Parcel revenue sank 36.7% in the quarter, or $208 million, on a decline of 25 million pieces (36.5%) as the labor uncertainty pushed shippers to private sector carriers for their deliveries. The decline in parcel volumes has steadily deteriorated since December, when the government intervened to end a 32-day strike and commission a study of Canada Post’s condition. Parcel volume in the first half fell 31% year over year, resulting in a 29.6% decline in parcel revenue.
Overall revenue fell 7.3%, or $104.8 million, as improved volumes from regular mail due to one-time federal election mailings helped offset some of the parcel decline.
In 2024, Canada Post recorded a $611 million loss — its seventh consecutive annual loss — nearly all of it in the second half.
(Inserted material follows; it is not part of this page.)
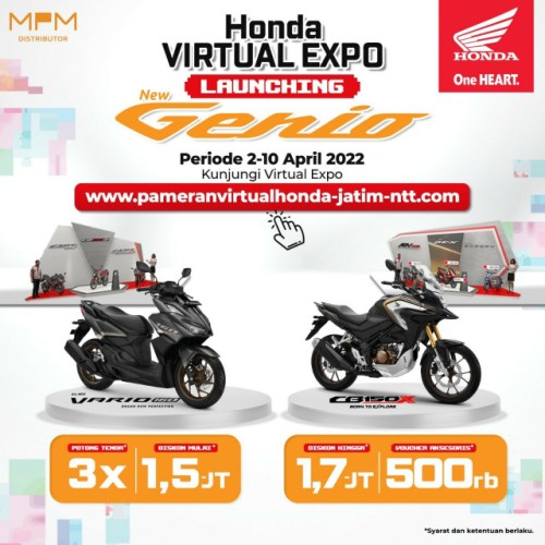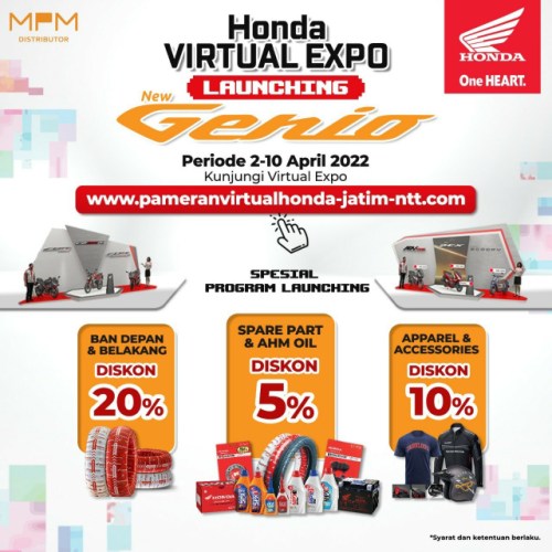PT. Mitra Pinasthika Mulia (MPM Honda Jatim) selaku distributor sepeda motor Honda hadirkan Virtual Exhibition Special Launching New Honda Genio yang diadakan pada periode 2-10 April 2022, pengunjung bisa mengikuti Virtual Exhibition ini dengan langsung meng-aksesnya melalui gadget di www.pameranvirtualhonda-jatim-ntt.com.

Since 2018, the national post has lost $3 billion, with cumulative losses from operations of $3.6 billion.
Canada Post said revenue from direct marketing mail declined 7.5% compared to the second quarter of 2024 as companies sought to avoid the possibility of time-sensitive mailings getting trapped in the postal network in the event of a work stoppage.
Total operating costs declined nearly 1% in the second quarter versus the prior year as lower parcel volumes led to a decline in collection, processing and delivery costs. Labor costs increased despite two fewer paid days in the year, reduced management headcount and the overtime ban in late May.
Status of contract negotiations
CUPW mail carriers resoundingly rejected Canada Post’s final offer on Aug. 1 after the federal government intervened to conduct a vote over the objection of union leadership, which had not agreed to the terms. Collective bargaining was scheduled to resume earlier this month, but was postponed because federal mediators were busy trying to resolve a dispute between Air Canada and flight attendants that resulted in a three-day strike. Canada Post has canceled two meetings in the past week, including one scheduled for Monday, because it says it needs more time to review the union’s new counteroffer.
The sides remain far apart on how to modernize Canada Post’s delivery model as letter mail declines in the Internet age and shippers gravitate to alternative parcel carriers. It wants to implement part-time flex staffing, weekend delivery, the ability to level loads between carriers as needed and dynamic routing, rather than sticking to pre-determined assignments.
The Canadian Industrial Relations Board this year agreed with the state-owned company that rigid work rules under previous collective bargaining agreements have made it more difficult to implement efficiency measures.
Canada Post has offered a 13.6% pay hike over four years, with improved inflation adjustments.